→ Data under study
◆ ◆ ◆ ◆ ◆ ◆ ◆

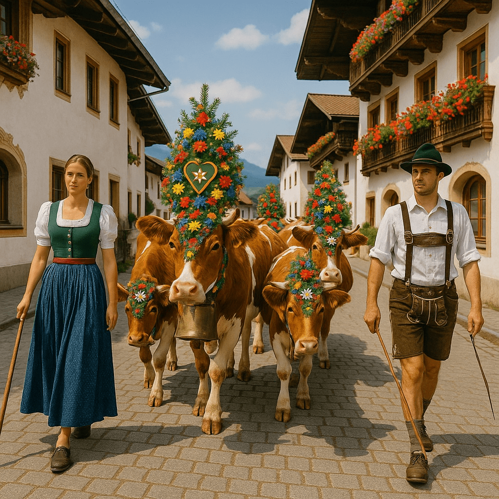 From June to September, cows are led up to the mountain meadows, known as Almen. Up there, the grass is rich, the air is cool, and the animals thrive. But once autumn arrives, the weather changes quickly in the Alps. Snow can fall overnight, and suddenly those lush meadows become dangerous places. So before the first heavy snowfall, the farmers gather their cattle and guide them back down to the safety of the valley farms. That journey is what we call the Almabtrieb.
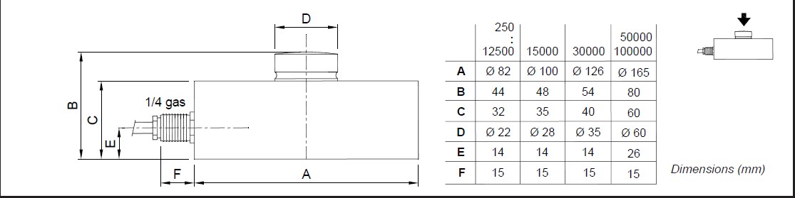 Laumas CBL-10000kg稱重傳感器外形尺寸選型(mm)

◆ ◆ ◆ ◆ ◆ ◆ ◆

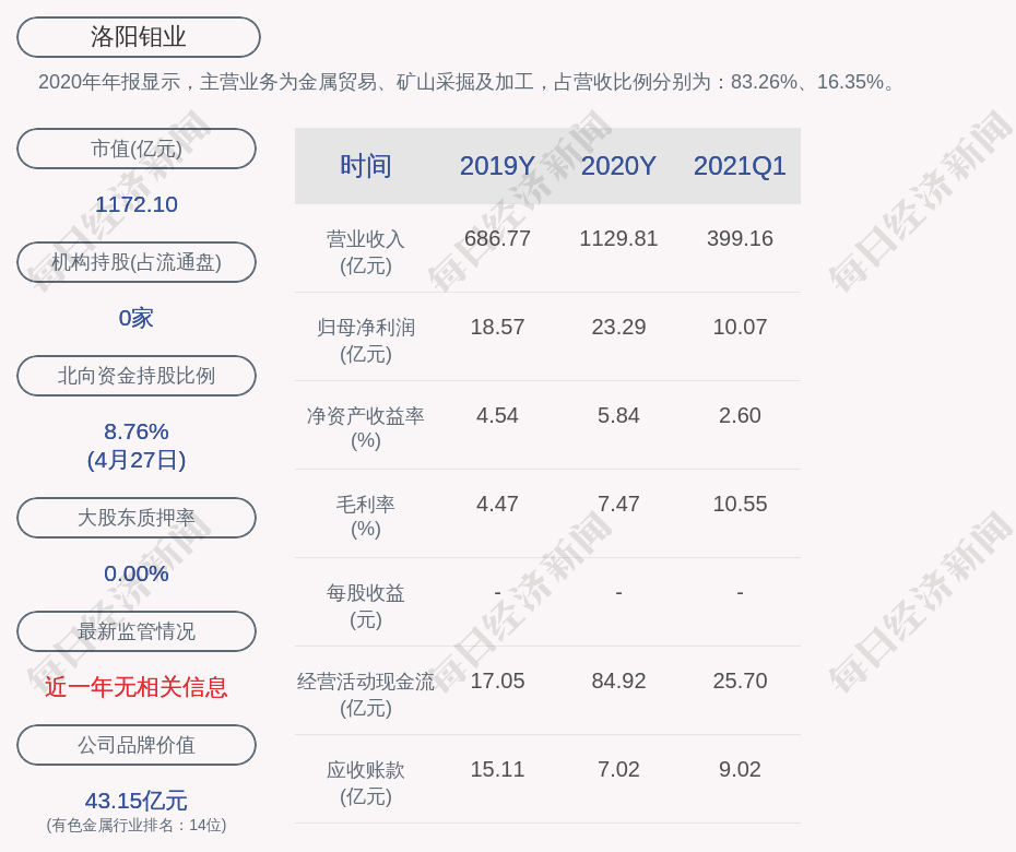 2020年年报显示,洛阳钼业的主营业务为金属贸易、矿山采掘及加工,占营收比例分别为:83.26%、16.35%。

◆ ◆ ◆ ◆ ◆ ◆ ◆

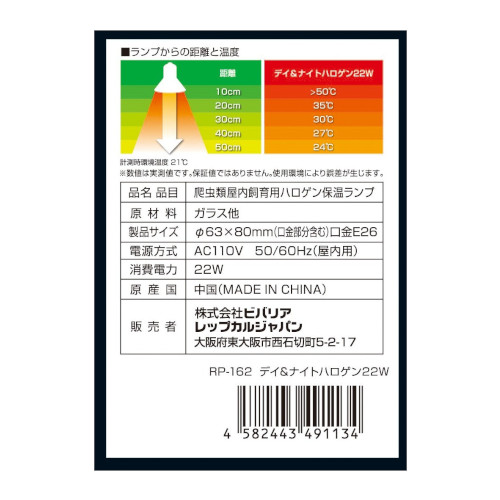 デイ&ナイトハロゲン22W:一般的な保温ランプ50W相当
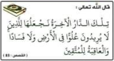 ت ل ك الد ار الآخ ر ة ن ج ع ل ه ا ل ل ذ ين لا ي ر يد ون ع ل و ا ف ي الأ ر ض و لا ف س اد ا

◆ ◆ ◆ ◆ ◆ ◆ ◆

→ Required work
Could you repeat, exactly, only the lines above starting at the one that has "From June to" and stopping after the one that has "Laumas CBL-10000kg稱重傳感器外形尺寸選型(mm)", without the pictures?

→ Answer box
 From June to September, cows are led up to the mountain meadows, known as Almen. Up there, the grass is rich, the air is cool, and the animals thrive. But once autumn arrives, the weather changes quickly in the Alps. Snow can fall overnight, and suddenly those lush meadows become dangerous places. So before the first heavy snowfall, the farmers gather their cattle and guide them back down to the safety of the valley farms. That journey is what we call the Almabtrieb.
 Laumas CBL-10000kg稱重傳感器外形尺寸選型(mm)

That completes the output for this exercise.